TASK GOAL: Write the data out again exactly, with every picture removed.

*** Opening DATASET EXCERPT ***

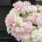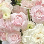Ecuadorian rose - 30 pcs Oasis - 4 pcs box hat - 1 pcs ranunculus - 15 pcs tulipa - 30 pcs
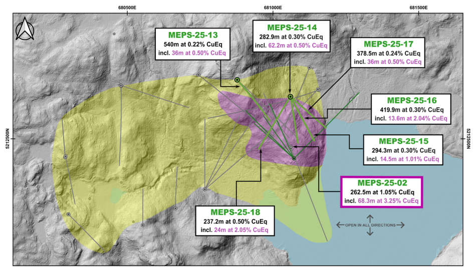 Jeremy Niemi, SVP Exploration and Development, commented, "We are very excited about these wide intervals of copper from surface and, importantly, the systematic expansion of the high-grade bornite zone by 150 metres around the discovery hole MEPS-25-02. Each step-out hole has successfully extended the zone either laterally or vertically, demonstrating strong continuity of the high-grade core within a much broader copper system. The mineralization remains open in most directions, and we are beginning to see clear structural and grade trends emerging that will guide our 2026 resource-focused drilling."
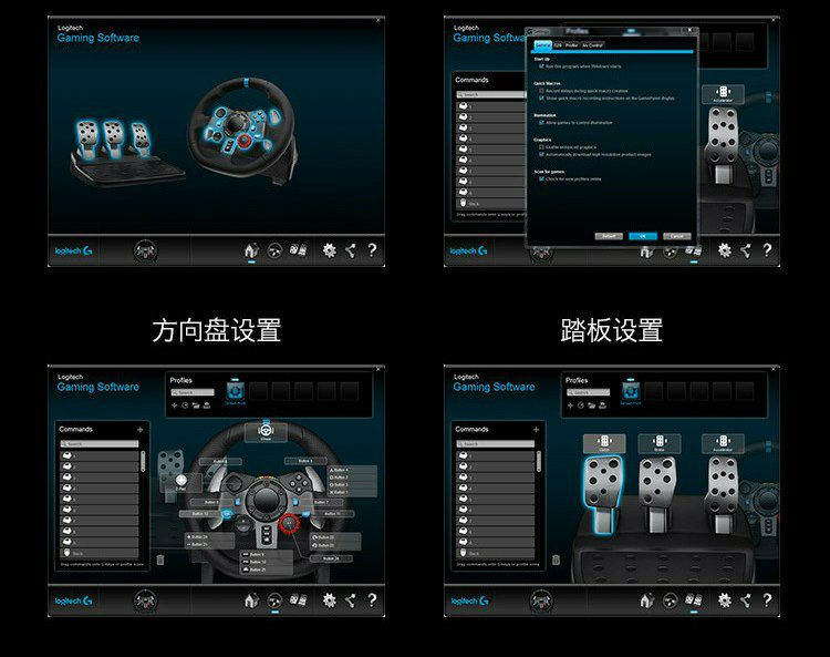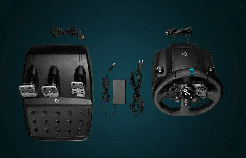 Le pédalier inclus possède trois pédales (accélérateur, frein, embrayage) et une pédale de frein progressive qui simule un système de freinage sensible à la pression.

*** Closing DATASET EXCERPT ***

RESULT:
Ecuadorian rose - 30 pcs Oasis - 4 pcs box hat - 1 pcs ranunculus - 15 pcs tulipa - 30 pcs
 Jeremy Niemi, SVP Exploration and Development, commented, "We are very excited about these wide intervals of copper from surface and, importantly, the systematic expansion of the high-grade bornite zone by 150 metres around the discovery hole MEPS-25-02. Each step-out hole has successfully extended the zone either laterally or vertically, demonstrating strong continuity of the high-grade core within a much broader copper system. The mineralization remains open in most directions, and we are beginning to see clear structural and grade trends emerging that will guide our 2026 resource-focused drilling."
 Le pédalier inclus possède trois pédales (accélérateur, frein, embrayage) et une pédale de frein progressive qui simule un système de freinage sensible à la pression.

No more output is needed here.